The iceman cometh, and saveth the day

3/12/2013
BY DANIEL NEMAN
BLADE FOOD EDITOR

It wouldn't have been so bad, only I had bought a new car less than a week before.

On a recent Saturday morning, I was looking forward to my day's first glass of iced tea. I put my glass against the lever in the ice cube dispenser, and only water came out.

That was a bad sign. Ice is supposed to come out in solid form, not liquid. 

A repairman came out to the house and grimly informed us that we had a leak in our system and that all the freon had escaped. Finding the problem, fixing it, and recharging the system with freon would cost a cool $1,000.

Say what, now?

Obviously, it was time to get a new fridge. So we bundled up and went out to an appliance store where we found a fridge that admirably met our needs. It had a couple of small dents, and was a manager's special on top of that, so we managed to get an otherwise expensive refrigerator for 60 percent off. It cost ever so slightly less than the repair bill for the old fridge would have been.
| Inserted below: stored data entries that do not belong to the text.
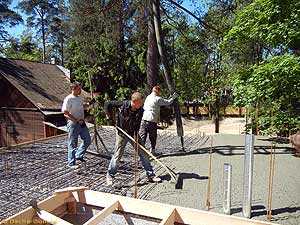 - Заливка бетонной стяжки, выполняющей функцию черновых полов на первом этаже.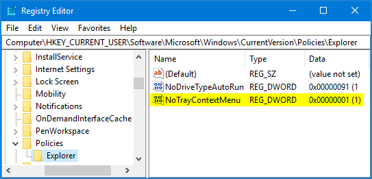 - 給它名字NotrayContextmenu然後單擊好的。然後雙擊名稱並將值數據設置為1。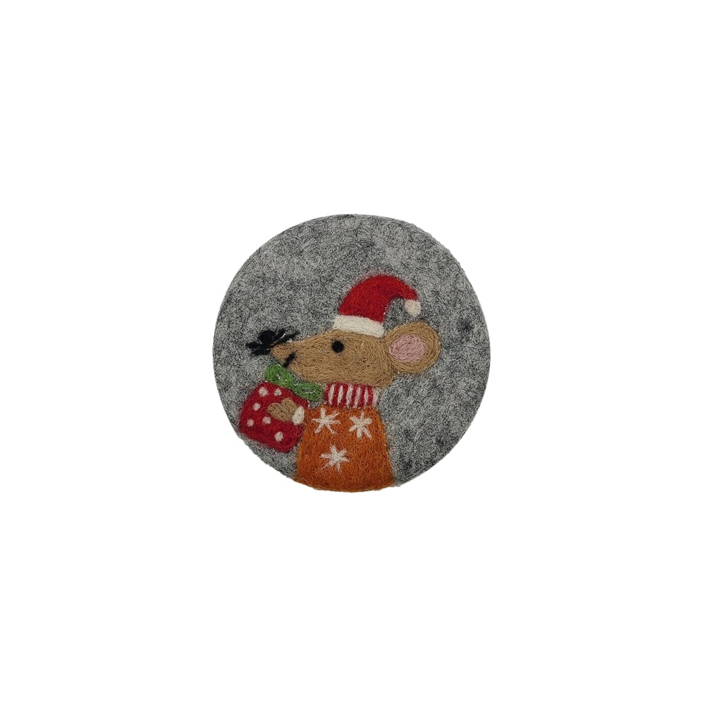 Filz Untersetzer Maus mit Weihnachtsbaum, hellrot

But this was a Saturday, and we could not get it delivered until Tuesday. And that was bad news for all the food left in the old, now totally dead refrigerator.
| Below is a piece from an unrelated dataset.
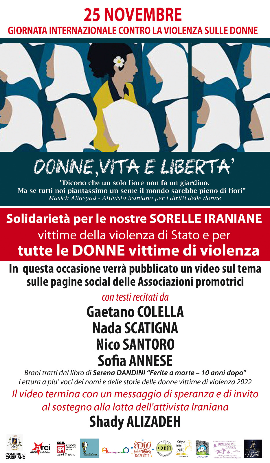 Si comunica, inoltre, che il 25 Novembre le stesse associazioni hanno inviato al Presidente del Consiglio Comunale di Crispiano e a tutti i Consiglieri comunali un proposta di ordine del giorno, con la richiesta di esaminarlo ed approvarlo nel primo Consiglio Comunale utile, dal titolo: “ Donne, vita e libertà – solidarietà alle donne iraniane” , per unirci alle altre istituzioni che con tale messaggio chiedono al Governo Italiano di fare pressione con urgenza sul Governo iraniano acchè cessi immediatamente la repressione sanguinosa delle mobilitazioni, vengano liberate le persone detenute in seguito alle proteste e venga garantita la libertà alle donne iraniane e il pieno rispetto dei diritti umani.

Fortunately, we've lived in Richmond, Va., so we've had a lot of experience in dealing with refrigerators and other appliances that aren't working (the power company's unofficial motto is "Whoops! There goes another squirrel!"). So we knew what to do.

The plan was to make full use of the great outdoors, Nature's Refrigerator. This was a few weeks ago, when the high temperatures were in the mid-to-low 30s, and the lows got into the teens. While the mid-30s is just about as low as you want to keep things refrigerated, the teens will ruin some foods and even freeze others. What we had to do, then, was keep foods chilled without letting them get too cold.

I put ice in the bottom of four coolers, covered it with everything in the fridge, and placed them outside on a screened-in porch. The idea, which I thought was pretty clever, was to keep the food chilled by the ice yet keep the coolers cold enough from the ambient temperature to keep the ice from melting.

If it worked right, and it did, the food would stay more or less the proper temperature for the whole time we were awaiting the new refrigerator. But the big problem was with the food that had been in the freezer.

Freezers are generally set to around 0 degrees, and even the nighttime temperatures in the teens would not approach that. Neither would coolers full of ice, which at best will keep the temperature a little above 32 degrees. Basically, we were going to lose whatever we had in our freezer.

The good news is, it's not that much. Because of unusual circumstances, we happened to have a small steak and a smaller packet of frozen lobster in the freezer, which means the night the fridge died we had a lovely meal of surf 'n' turf.

My wife kept a couple of frozen dinners in there as well, and while one did not make it past triage, the other one became a satisfying and apparently non-spoiled meal. Most of the rest of the items in the freezer were containers full of homemade stock — beef, chicken, and shrimp — from a story I had written a few weeks before. While the frozen stock had thawed, it was still essentially refrigerated out on the porch, so we enjoyed more soup than, frankly, we wanted for the next few days.

Which leads me to the slice of wedding cake. In accordance with tradition, we froze a slice of our wedding cake when we got married, intending to eat it on our first anniversary. But we forgot all about it on our first anniversary, and our second, and our third. So far, we've had it for 17 years. In 2003, when Hurricane Isabel knocked out power for a week, we found it, wrapped in plastic but floating in a pool of melted chicken goo.

Now it is safely back in our new freezer. Ever eating it in the future seems unlikely.